=== Description of the task ===
Print, word for word, every line from the beginning of the listing up to and including the line with "Набір магнітних торцевих". Pictures are to be excluded.

=== Given material ===
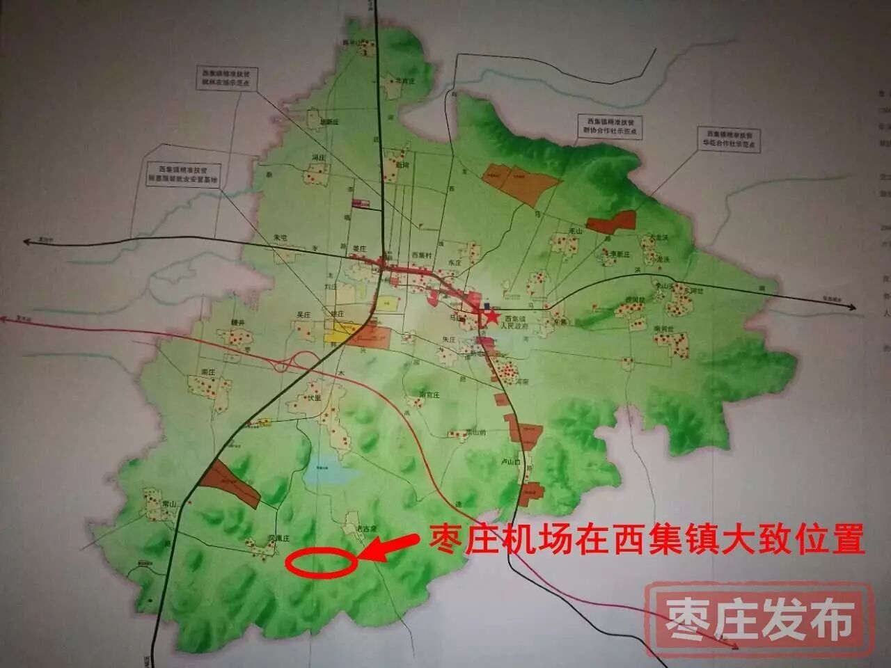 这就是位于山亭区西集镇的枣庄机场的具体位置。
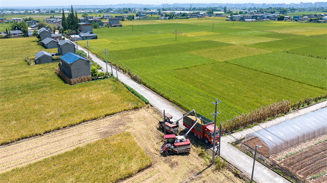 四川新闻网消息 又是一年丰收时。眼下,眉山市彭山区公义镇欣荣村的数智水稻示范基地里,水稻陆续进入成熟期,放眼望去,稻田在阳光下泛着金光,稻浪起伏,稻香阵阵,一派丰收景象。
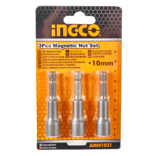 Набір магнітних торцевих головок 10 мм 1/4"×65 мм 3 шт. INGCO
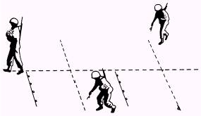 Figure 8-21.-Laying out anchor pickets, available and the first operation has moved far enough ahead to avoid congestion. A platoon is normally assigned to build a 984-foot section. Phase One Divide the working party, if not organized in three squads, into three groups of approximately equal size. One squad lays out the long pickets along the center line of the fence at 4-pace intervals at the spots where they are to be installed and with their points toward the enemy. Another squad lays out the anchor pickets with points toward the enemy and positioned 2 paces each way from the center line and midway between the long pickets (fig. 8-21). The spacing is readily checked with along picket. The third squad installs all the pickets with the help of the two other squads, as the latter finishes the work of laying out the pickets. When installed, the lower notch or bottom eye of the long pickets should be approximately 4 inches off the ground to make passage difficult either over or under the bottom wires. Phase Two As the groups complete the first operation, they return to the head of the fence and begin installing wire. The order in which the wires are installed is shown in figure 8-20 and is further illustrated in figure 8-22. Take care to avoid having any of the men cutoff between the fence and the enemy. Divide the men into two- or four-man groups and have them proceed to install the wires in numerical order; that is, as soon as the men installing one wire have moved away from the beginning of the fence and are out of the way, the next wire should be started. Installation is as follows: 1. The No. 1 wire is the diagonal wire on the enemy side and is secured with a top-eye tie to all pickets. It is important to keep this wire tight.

=== Solved problem ===
 这就是位于山亭区西集镇的枣庄机场的具体位置。
 四川新闻网消息 又是一年丰收时。眼下,眉山市彭山区公义镇欣荣村的数智水稻示范基地里,水稻陆续进入成熟期,放眼望去,稻田在阳光下泛着金光,稻浪起伏,稻香阵阵,一派丰收景象。
 Набір магнітних торцевих головок 10 мм 1/4"×65 мм 3 шт. INGCO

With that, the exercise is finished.